For better and for worse, Californians associate health with our bodies, and immigrants have shaped how we maintain them. Our devotion to wine as elixir dates back to Jean-Louis Vignes, a Frenchman who was California’s first commercial winemaker and used his resulting fortune to build a hospital.
And California’s concepts of healthy eating also have immigrant roots. Catherine Nimmo, a doctor who immigrated from the Netherlands, founded America’s first vegan society in our state in 1948. She often wrote of “the Oneness of all Life,” a California-friendly philosophy that still shapes our state’s animal protection laws.
Immigrants to California have often changed American minds when it came to diet. Spicy food was once seen as dangerous to eat. But immigrants, via such delicacies as spicy tacos and spicy curries and the Thailand-inspired wonder sauce Sriracha, convinced us otherwise. And that was quickly followed by research demonstrating that capsaicin, the compound that makes food hot, keeps us from overeating, lowers our blood pressure, and has cancer-fighting properties. Pass the jalapeños.

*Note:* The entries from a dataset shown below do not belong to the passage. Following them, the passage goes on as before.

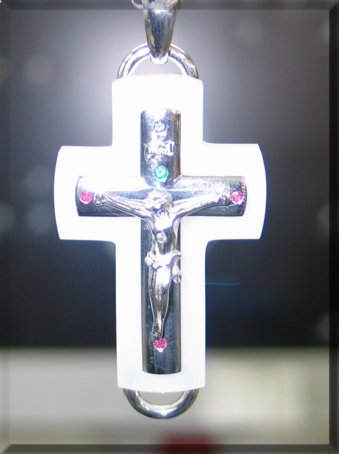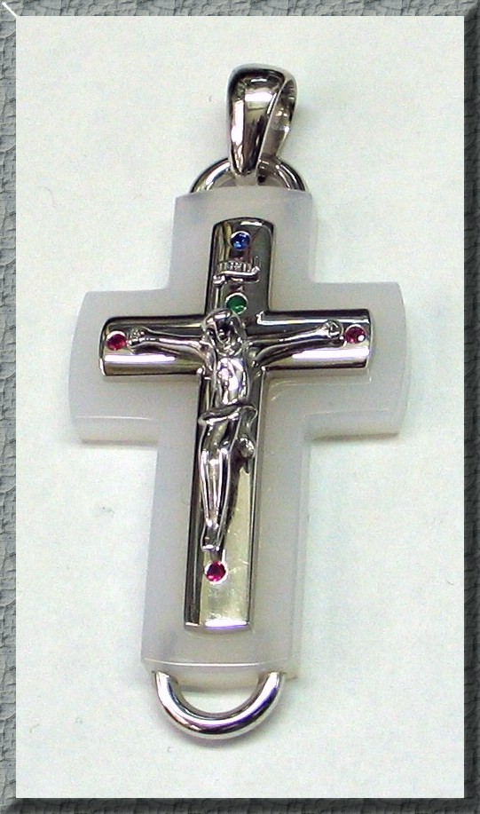 Anhänger Achatkreuz mit Safir, Smaragd, Rubin und Brillant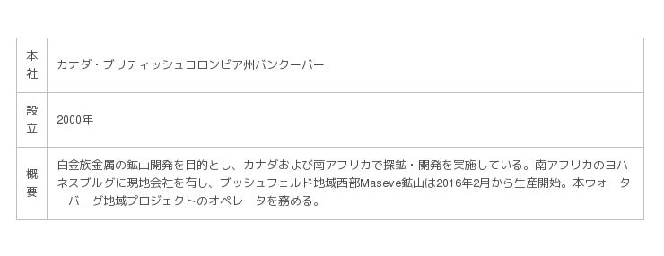 特に、1オンス当たりの生産コストは、現在南アフリカ共和国ブッシュフェルド地域で生産されている白金族鉱山と比較して最も安価な生産コストであると見られています。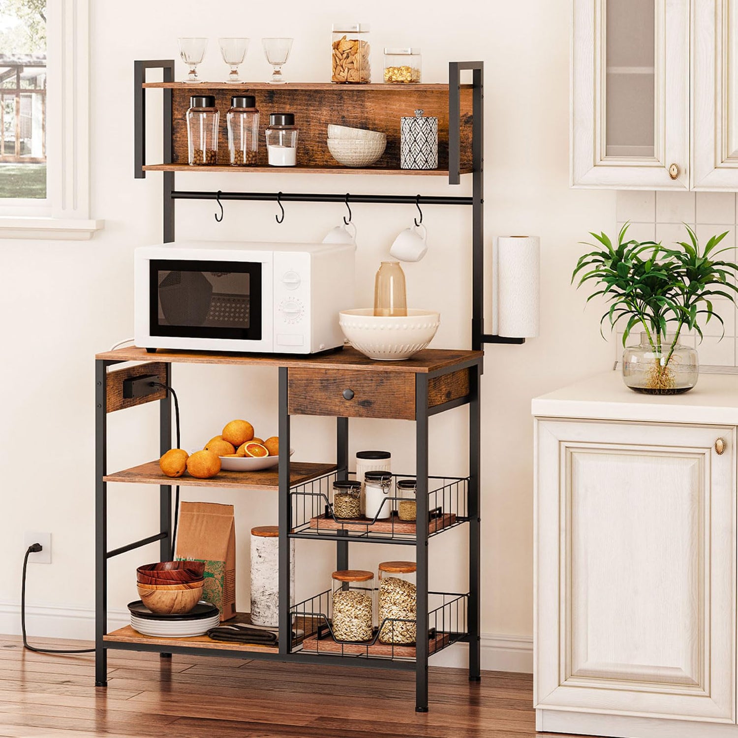 HOOBRO Rustic Brown and Black 5-Tier Bakers Rack with Power Outlets, Microwave Stand, and Storage Baskets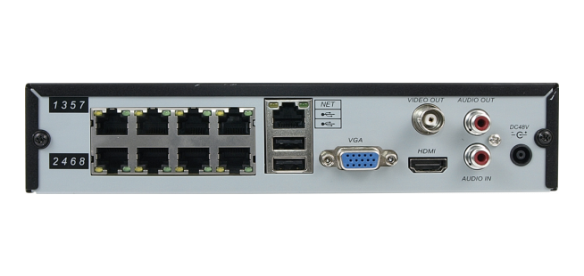 8 x Ethernet PoE (IEEE802.3af, Klasa 3) - złącze RJ-45, 10/100 Mbit/s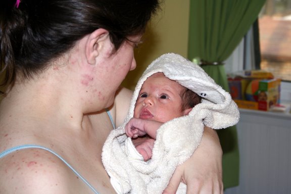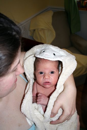 And since her stump FINALLY fell off earlier in the week, we gave her her first bath yesterday.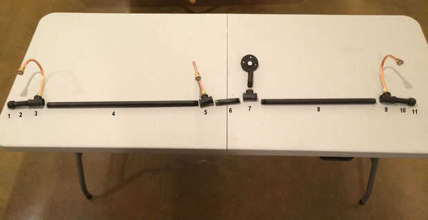 Conecte cada Asamblea de tubo de cobre a una t, prestando atención a qué dirección los cables deben ir y colocar todo en su correcto lugar. De izquierda a derecha, junté mina como esta.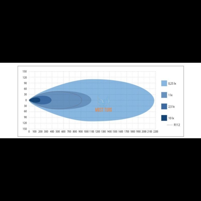 Kirjeldus: 4700K, 12V: 14,96A (täisvõimsus), 1,45A (R112), 14500lm (täisvõimsus), 2400lm (R112), 1 lux @ 1087m (täisvõimsus), 455m (R112), E-mark R10, R112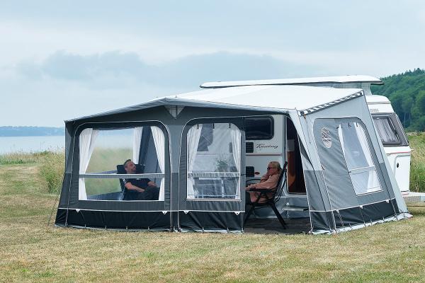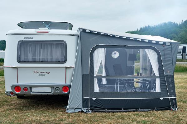 Eriba Touring -etuteltan avulla saat matkailuvaunuusi suuren oleskelutilan, joka on suunniteltu toiminnallisuutta ja yksityiskohtia ajatellen. Teltta on suunniteltu siten, että asuntovaunun ovi voi avautua kokonaan. Integroitu kattotyyny varmistaa, että teltta asettuu tiiviisti matkailuvaunua vasten ja johtaa siten veden pois.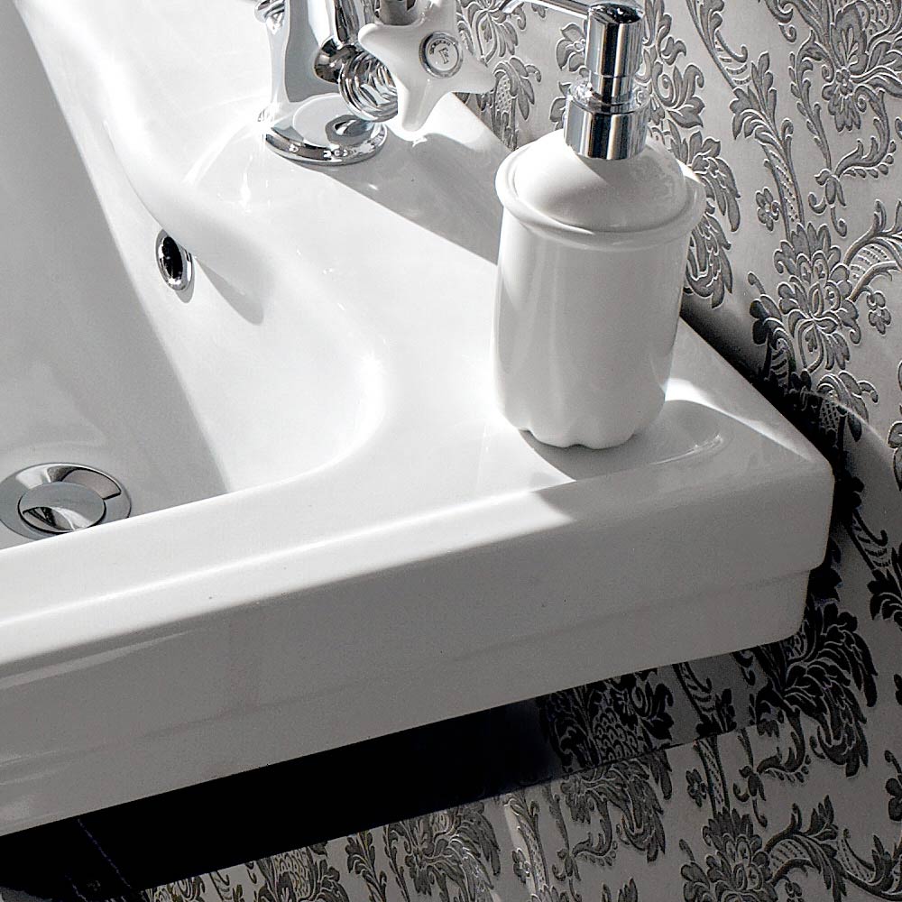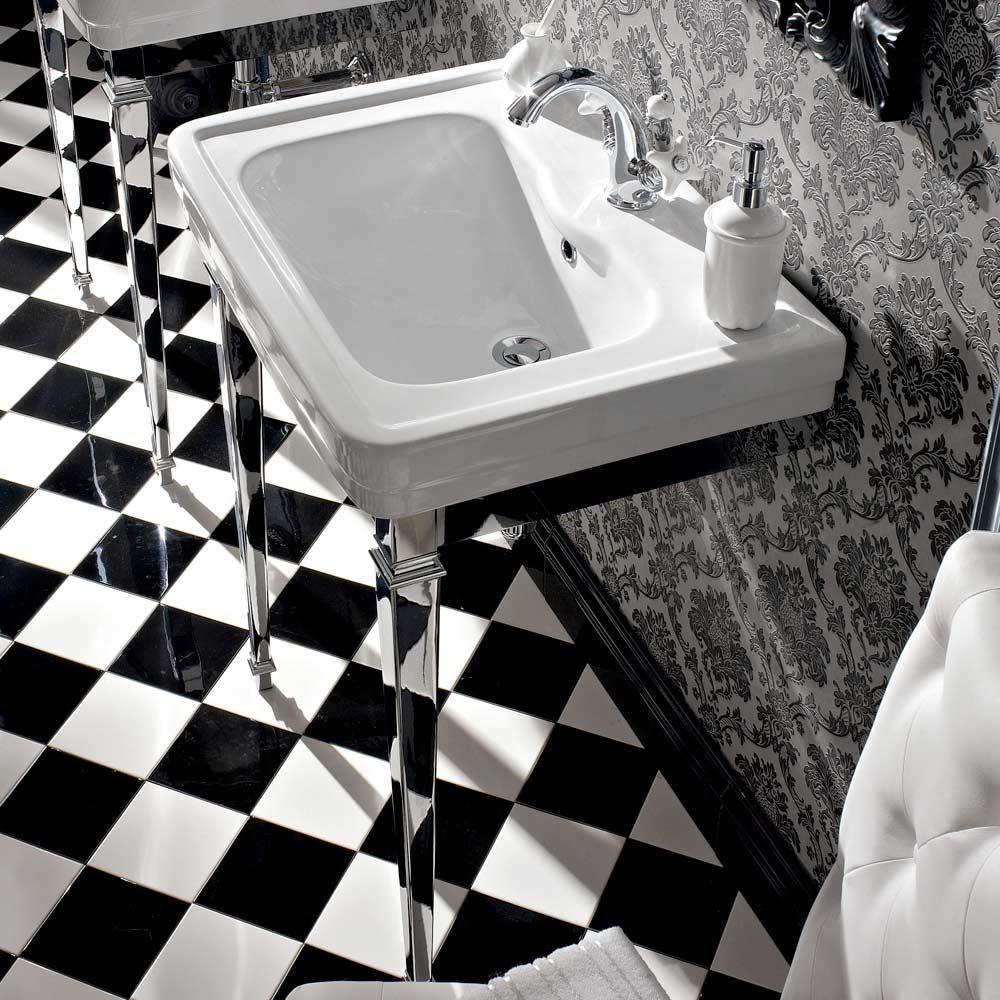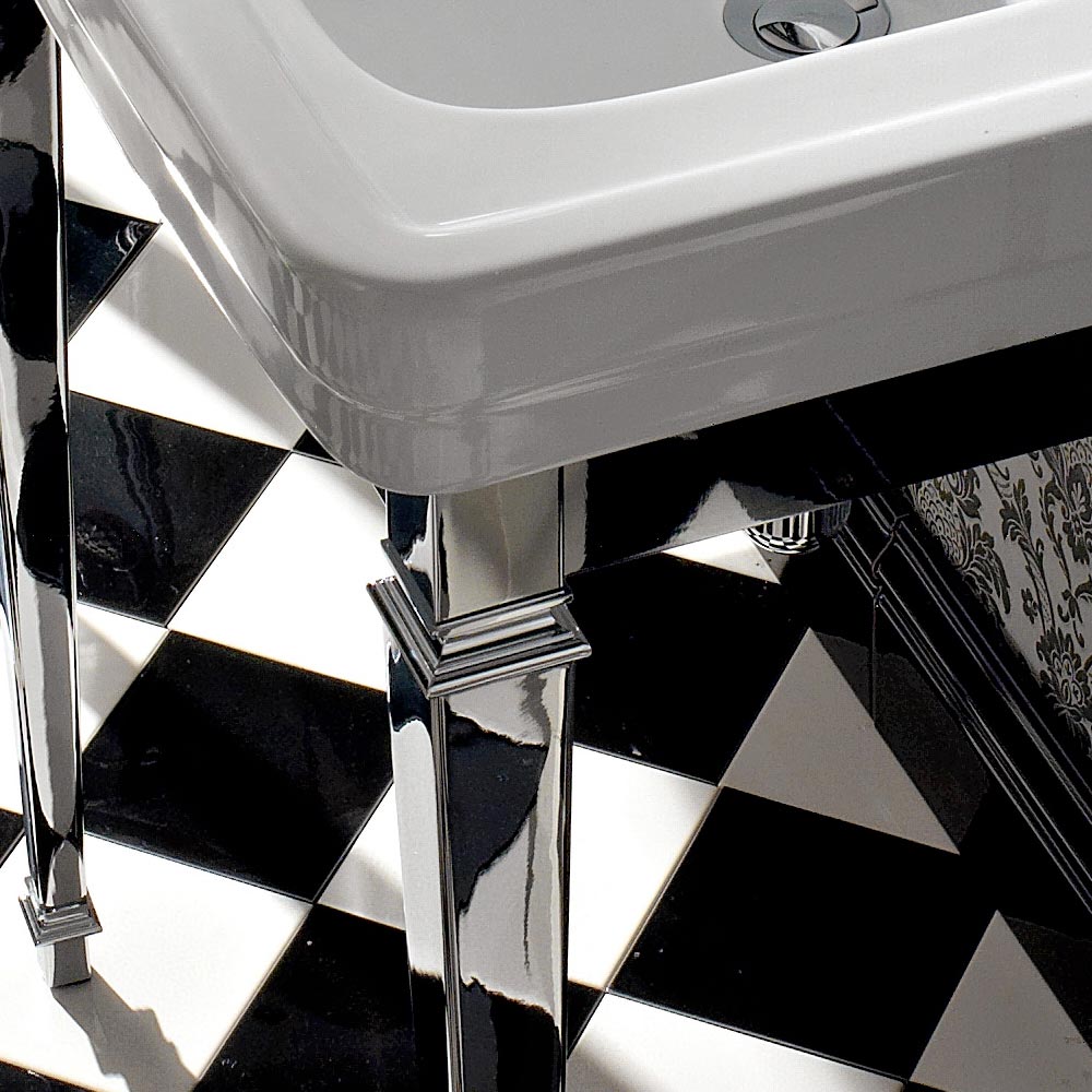 De stijl van deze console wastafel kan worden gedefinieerd als neoklassiek: design en retro lijnen worden gecombineerd met materialen met een moderner karakter, zoals metaal.

Eating raw fish seemed dangerous until sushi master Shigeo Saito arrived in Los Angeles from Japan in the 1960s, and he and the chefs who followed, among them Nobu Matsuhisa, began to convince us otherwise. (We don’t call it the California roll for nothing.) More recently, immigrant entrepreneurs turned Middle Eastern street foods, like hummus and falafel, into California health food staples. And, in response to an American epidemic of peanut allergies, Israeli emigrants have contributed to the popularity of a baby-friendly peanut puff called Bamba, which Trader Joe’s now sells.
Then, when we burn off those calories so we can look more like the beautiful immigrants Hollywood casts in films, we lean heavily on practices brought here by immigrants.
What is more California than a yoga workout? The state has seen waves of immigrant yogis make and remake yoga practice, from the guru Paramahansa Yogananda (who founded the Self-Realization Fellowship in L.A. in 1920) to Russian-born Indra Devi (who started yoga schools in Hollywood in the 1950s) to, in our era, Bikram Choudhury (known for hot yoga before he became a fugitive).
And after an hour on the yoga mats, Californians love nothing more than a soak in a hot tub, an idea that came from Japan and was adapted by California winemakers, who used their barrels to make the first such baths. Or if you’re really hurting, you might slip into a whirlpool bath, with jets first invented as a rheumatoid arthritis cure by an Italian immigrant to California named Candido Jacuzzi.
It is no exaggeration to say that Californians have chosen to be ruled by immigrant visions of health. After all, it was two brothers from Canada, Joe and Ben Weider, who popularized bodybuilding and working out with weights, sparking the gym industry that is an inescapable feature of the state landscape.
The Weiders were helped in this work by a young man who, at their urging, immigrated to Los Angeles from Austria. Arnold Schwarzenegger became such an avatar of muscular American fitness that Californians elected him governor in 2003.
He couldn’t balance the budget, but he got good reviews for his policies on health care.